Is it 1963 or 2002?

As traders and professional prognosticators hang on every word from Federal Reserve officials, anticipate each data release with tense fingers hovering over keyboards and debate the odds of “hard landing,” “soft landing” or, the most-optimistic scenario of “no landing,” the unspoken questions behind all the agita are: Is the market through the worst of it, or is there more trouble ahead? Is 2023 going to be like 1963 or 2002?

The good news for long-term investors is that many recent drivers of short-term market swings may not matter over their time horizons. As Figures 1 and 2 show, long-term equity returns after years like 2022 are attractive but volatile: Five-year periods after bear market drawdowns produced double-digit annualized returns in six out of seven instances since 1950. Annualized returns ranged from 6.28% to 17.93%. However, all five-year periods included additional double-digit drawdowns including three instances of drawdowns exceeding 20%.

Given the bond market’s recent propensity to deliver losses with higher frequency and higher correlation to equity market losses, investors who seek a smoother ride than the equity market may be looking for alternatives to bonds for risk reduction – especially since the total return potential of bond portfolios remains relatively low as yields on intermediate- to long-term bonds remain at levels that would accurately be described as “historically low” at any point in history outside of the past 10 years.

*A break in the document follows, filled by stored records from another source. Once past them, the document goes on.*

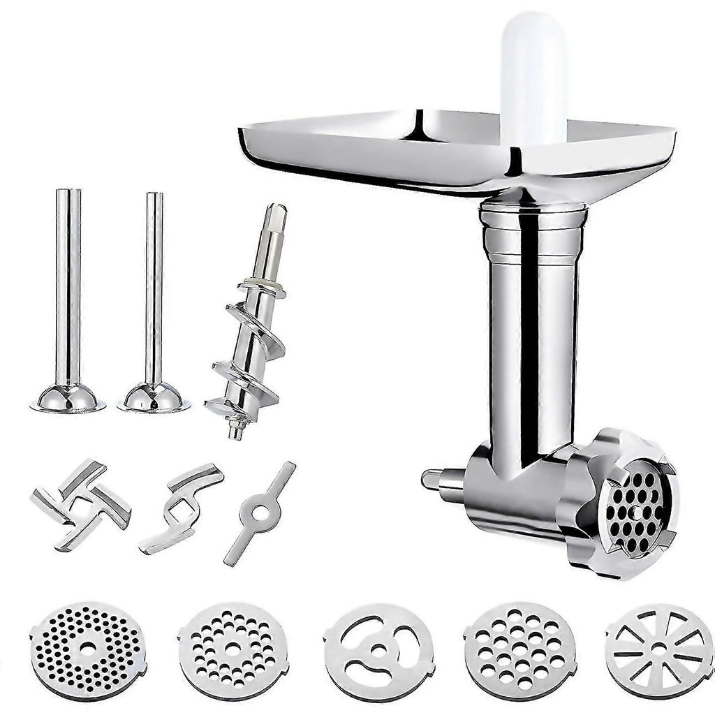 Fangrui Product Details High Precision Aluminum Food Grinder Attachment Specially Designed For All Stand Mixers.superior In Terms Of Speed. Note:its Not Belong To Expands Your Stand Mixers Flexibility, To Grind Meat, Fruits, Vegetable, Hard Cheeses, Bread Crumbs And Stuff Sausage And More. Fresh Homemade Meatball, Burger And Sausage Are So Easy To Make. High Cost Performance, Cheaper Than Stainless Steel Meat Grinder, More Than Plastic Meat Grinder,be Your The Most Abundant Accessories ,includes Grinding Blades,grinding Plates,sausage Stuffers, Food Pusher , Clean Brush Most Parts Are Diecast Aluminum Colour:silver Material:metal Size:16.5x5.6cm/diameter: 5cm Package Contents: 4* Grinding Discs 2* Sausage Tubes 3* Grinding Blades 1* Grinding Disc 1* Food Mover Only The Above Package Content, Other Products Are Not Included. Note: Light And Different Displays May Cause The Color Of The Item In The Picture A Little Different From The Real Thing. The Measurement Allowed Error Is +/- 1-3cm.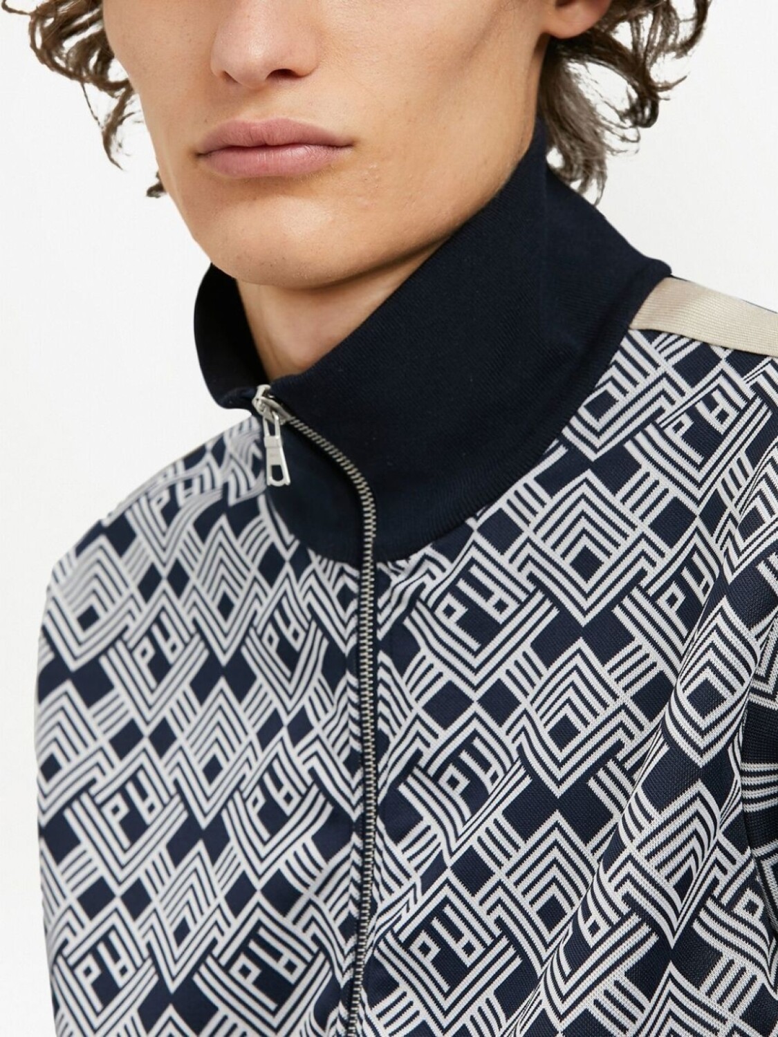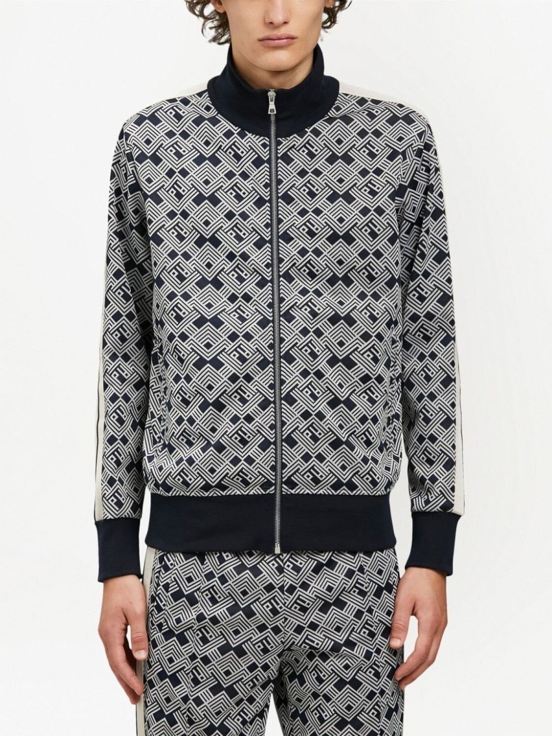 Узор с изображением монограммы, высокий воротник, застежка на молнии спереди, длинные рукава, полоска сбоку, манжеты в рубчик и прямой подол.
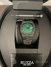 Salve a tutti, come d'annuncio metto in vendita Ruzza Watch Luxury, versione con quadrante in vera pietra malachite , prodotti solo 100 pezzi al mondo . Insieme all’orologio viene venduta la box da viaggio in pelle, la card in metallo (certificato di autenticità) con numerazione e colore del quadrante e un cacciavitino per la rimozione delle maglie. Di seguito alcuni dati tecnici: -EDIZIONE LIMITATA E NUMERATA -OROLOGIO SWISS MADE COME DA FOTO -VERSIONE FULL FORGED CARBON -MOVIMENTO SW200 TOTALE ALTEZZA STIMATA SOTTO I 11.00mm -QUADRANTE IN VERA PIETRA NATURALE Malachite Onice Turchese Occhio di tigre Lapislazzuli VETRO ZAFFIRO -PESO TOTALE 68 GRAMMI -ROTORE TRAFORATO MODIFICATO -DATA A ORE 3 -CONTAINER FONDO IN TITANIO BLACK -CASSA IN FULL FORGED CARBON -BRACCIALE IN FORGED CARBON CON REGOLAZIONE VITI PVD BLACK -CORONA IN CARBONIO A VITE -LENTE SU DATA -SFERE SUPERLUMINOVA C1 -FONDO IN TITANIO CHIUSO CON 4 VITI -FONDELLO ZAFFIRO MOVIMENTO A VISTA -IMPERMEABILE FINO A 10 ATM -BOX IN SOFT TOUCH CON COPERCHIO A VISTA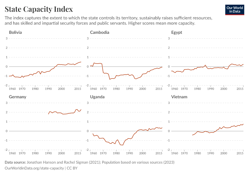 Measures state capacity by combining 21 different indicators related to three key dimensions: extractive capacity, coercive capacity, and administrative capacity. Higher values indicate greater state capacity.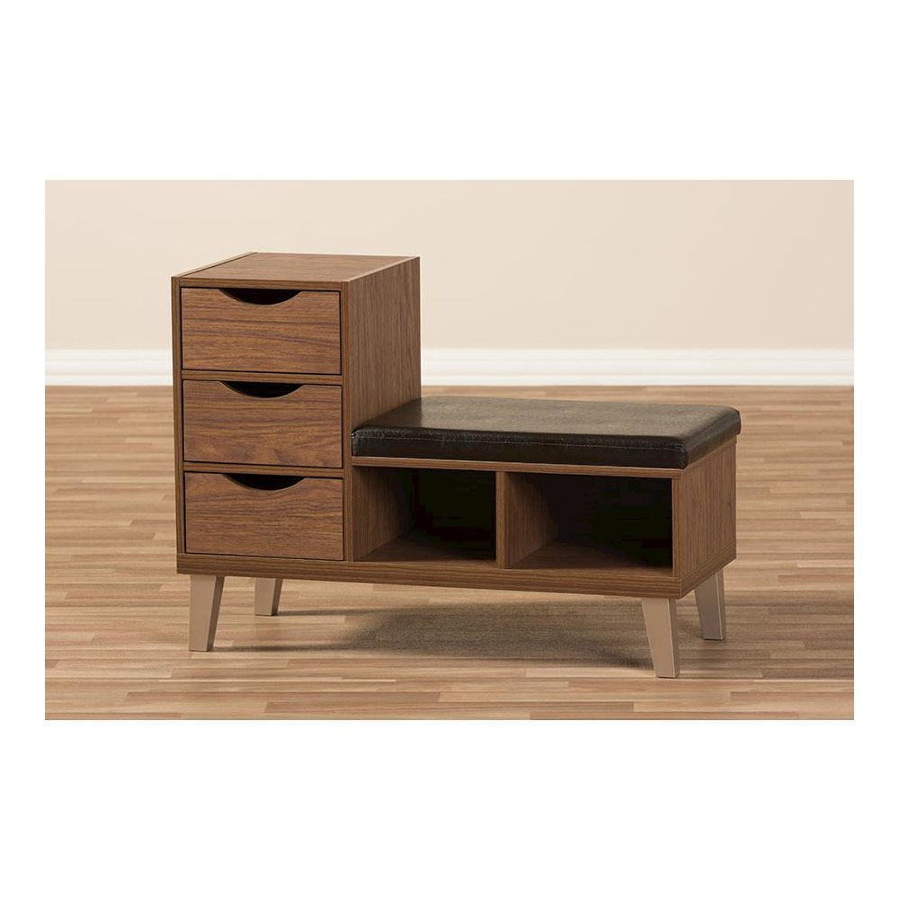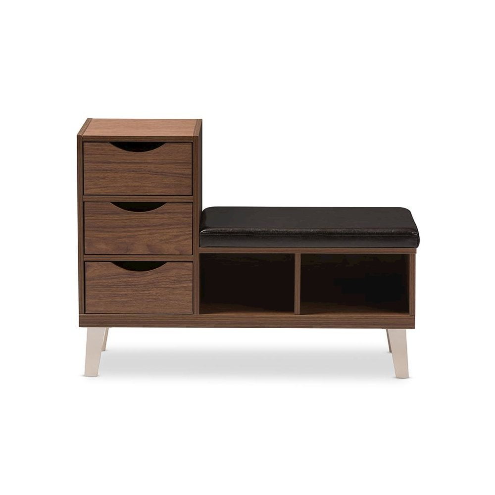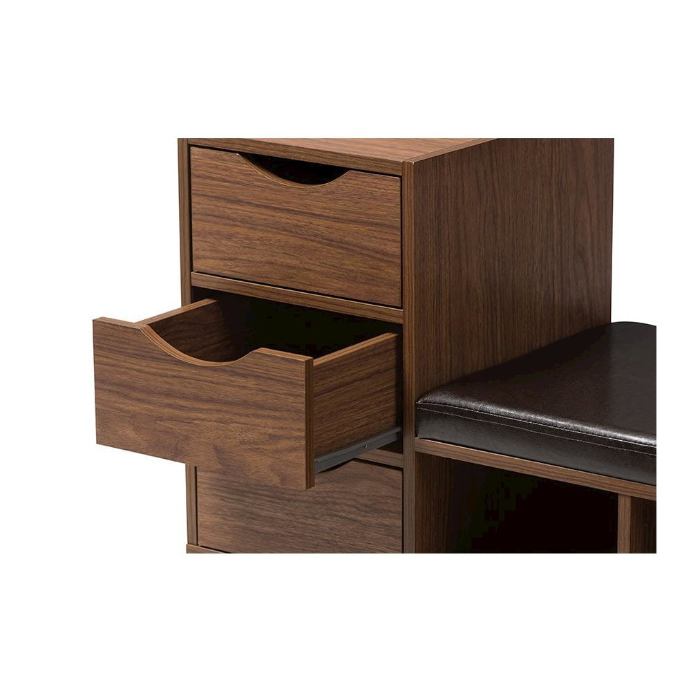 Brown Wood 3-Drawer Shoe Storage Leather- Pad Seating Bench with Two Open Shelves Simple and architectural, the Arielle 3-drawer shoe storage padded leatherette seating bench is reminiscent of modern and contemporary design. The Arielle?s clean and functional design features powder coated vinyl legs supporting the framework of the seating bench while providing storage drawers for hallway essentials. Three generous sized storage drawers and two open shelves are built in providing storage solution to keep your entryway or hallway clutter free. Crisp, clean lines and finger grooves drawers give the shoe bench an effortless character and charm. The shoe storage bench, constructed of engineered wood and finished in walnut finishing will match with your modern interior decor. The Arielle bench, padded in foam and upholstered in faux leather, could be placed in your living room or entryway as shoe storage bench or seating bench. Made in Malaysia, the Arielle requires assembly. Specifications: Modern and contemporary seating bench Materials: engineered wood Faux wood grain veneer
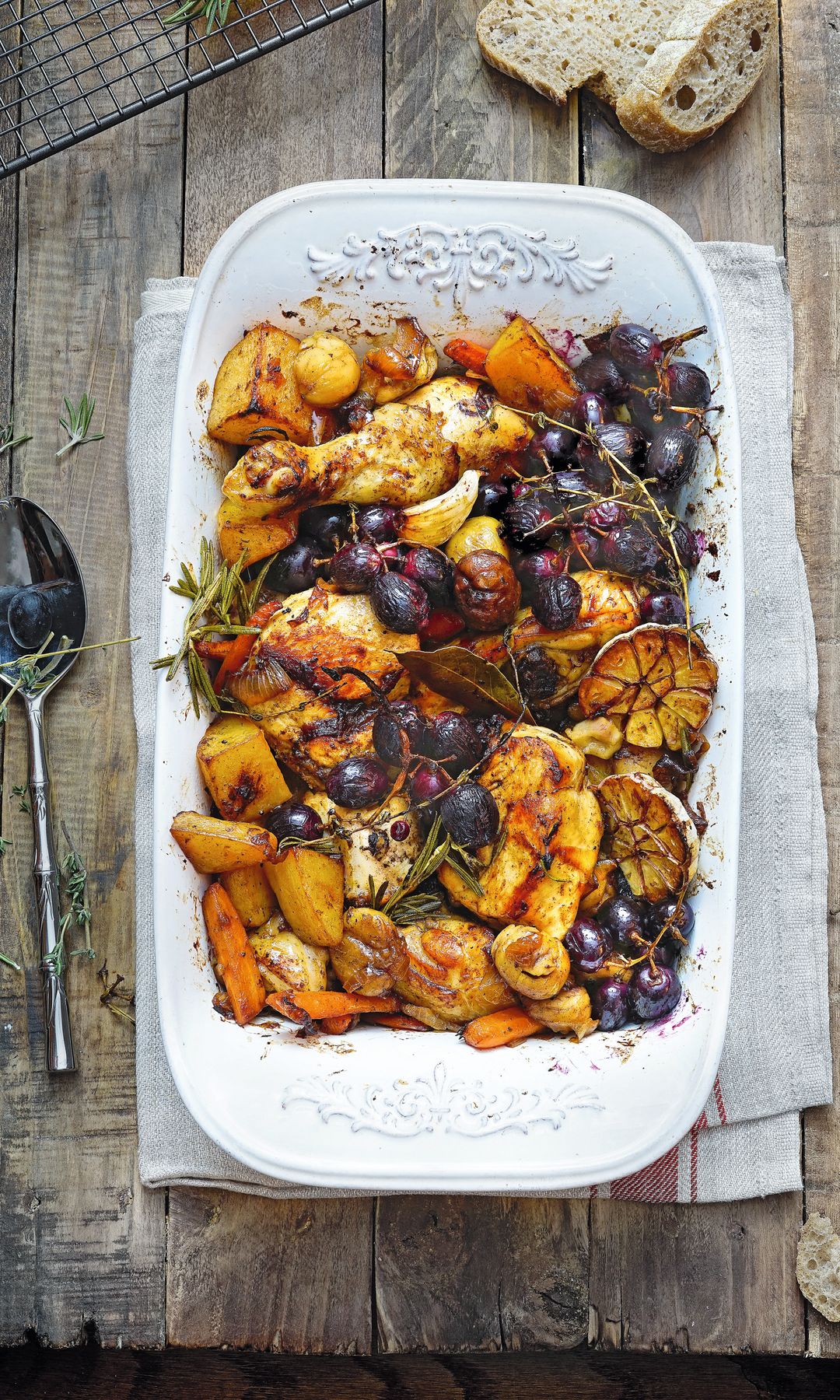- Combina y hornea. Coloca el pollo en una fuente, cubre con las verduras, añade las uvas, las castañas, el ajo partido y las hierbas. Riega con el caldo.
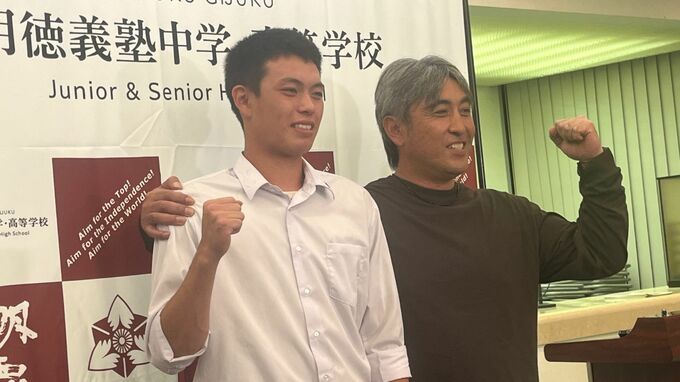 「海斗の夢でもあり私の夢でもあったので、2人の夢がかなったのでねぎらいも含めて握手をしました。6年間明徳義塾にお世話になって、明徳義塾じゃなかったらプロ野球選手になれなかったというぐらい感謝しています。野球選手でもありますけど1人の人間として成長してくれたのがうれしいです。まだプロ野球選手の底辺だと思うので一段一段、一年一年、一日一日を大事にしてみんなに愛される選手になってほしいです」

Index option-writing strategies with a low volatility profile may be compelling alternatives. For example, the Cboe® S&P 500 BuyWriteSM Index (the BXMSM) and the Cboe® S&P 500 PutWriteSM Index (the PUTSM) posted smaller losses than both the S&P 500® Index and the Bloomberg U.S. Aggregate Bond Index (the Agg) in 2022. Moreover, the BXMSM and the PUTSM have both generated much higher returns than the Agg since the equity market put in its 2022 low on October 12.

Utilizing index options for risk reduction and risk-adjusted return enhancement may appeal to risk-averse long-term investors who are no longer satisfied with what the bond market has to offer. Low-volatility equity strategies that rely on cash flow from index option selling to both mitigate equity market losses as well as participate in equity market advances, like those managed by Gateway since 1977, may be a suitable alternative for investors who want to reduce their exposure to bonds without increasing overall portfolio risk.